+++ DATA RECORDS

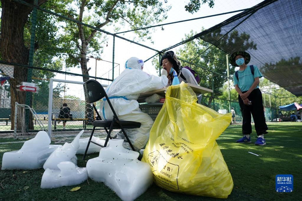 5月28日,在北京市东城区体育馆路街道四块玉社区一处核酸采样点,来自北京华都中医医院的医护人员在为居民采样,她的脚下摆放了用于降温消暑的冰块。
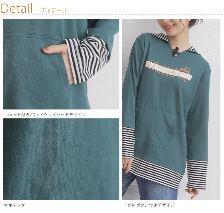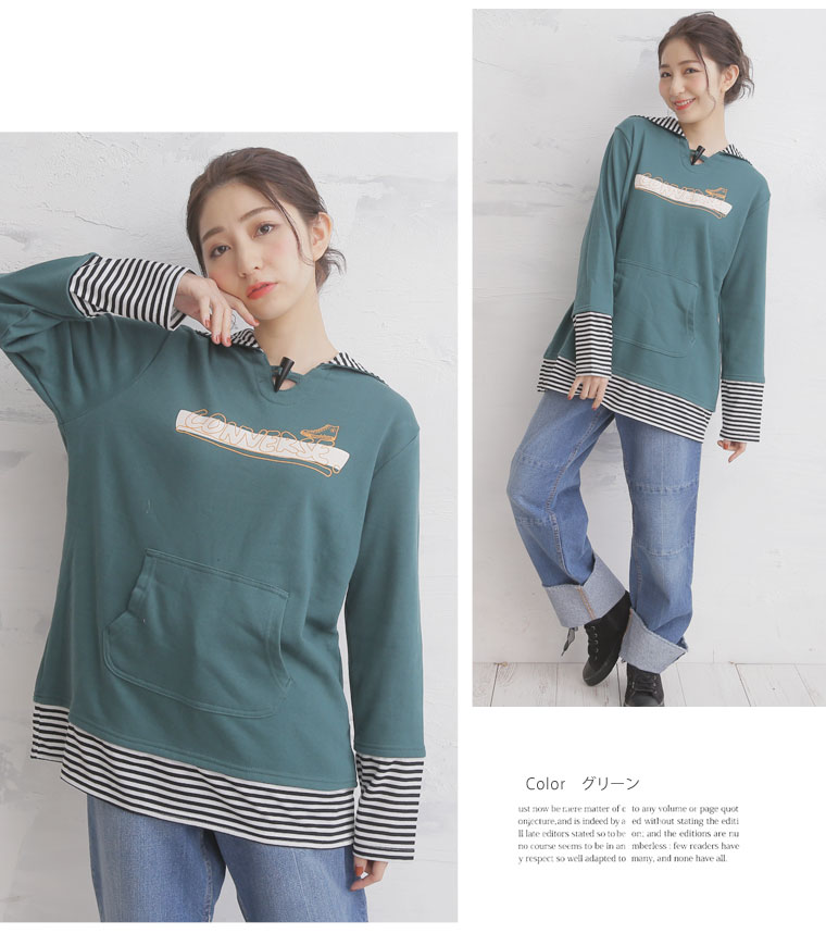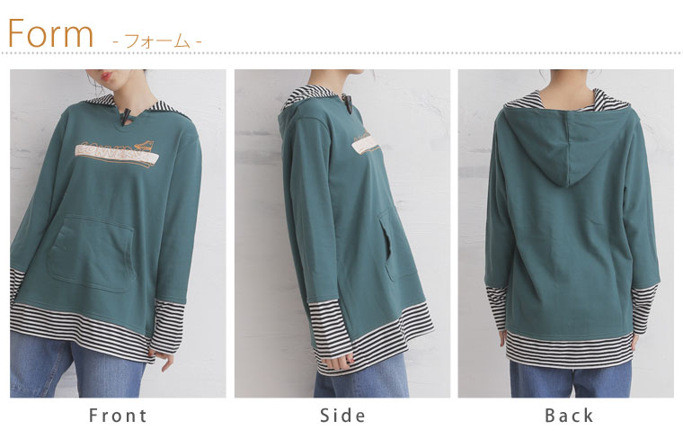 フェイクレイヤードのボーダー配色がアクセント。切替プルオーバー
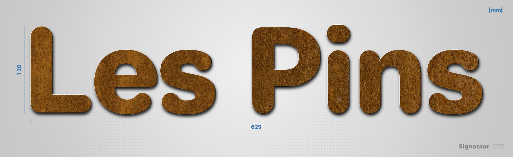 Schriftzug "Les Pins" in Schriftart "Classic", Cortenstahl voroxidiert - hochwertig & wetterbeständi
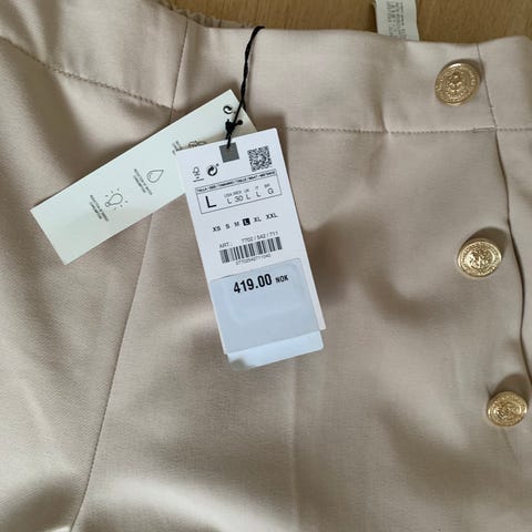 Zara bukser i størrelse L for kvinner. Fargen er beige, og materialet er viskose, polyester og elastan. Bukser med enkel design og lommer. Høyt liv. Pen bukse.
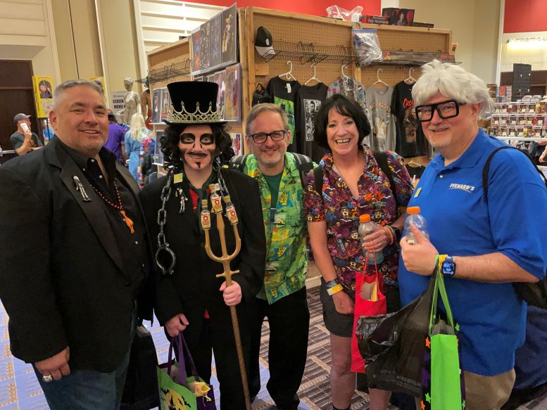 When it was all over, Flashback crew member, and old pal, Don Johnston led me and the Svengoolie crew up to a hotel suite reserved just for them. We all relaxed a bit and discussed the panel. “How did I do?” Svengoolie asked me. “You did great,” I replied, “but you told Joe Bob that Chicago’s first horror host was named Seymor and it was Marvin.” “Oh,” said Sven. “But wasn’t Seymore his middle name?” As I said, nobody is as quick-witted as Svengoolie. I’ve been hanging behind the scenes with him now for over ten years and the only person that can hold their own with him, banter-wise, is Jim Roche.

++++++

Nothing but the lines from the one with "hochwertig & wetterbeständi" up to and including the one with "Zara bukser i" should be printed, exactly as they read above. Please keep the pictures out.

ANSWER SPACE:
 Schriftzug "Les Pins" in Schriftart "Classic", Cortenstahl voroxidiert - hochwertig & wetterbeständi
 Zara bukser i størrelse L for kvinner. Fargen er beige, og materialet er viskose, polyester og elastan. Bukser med enkel design og lommer. Høyt liv. Pen bukse.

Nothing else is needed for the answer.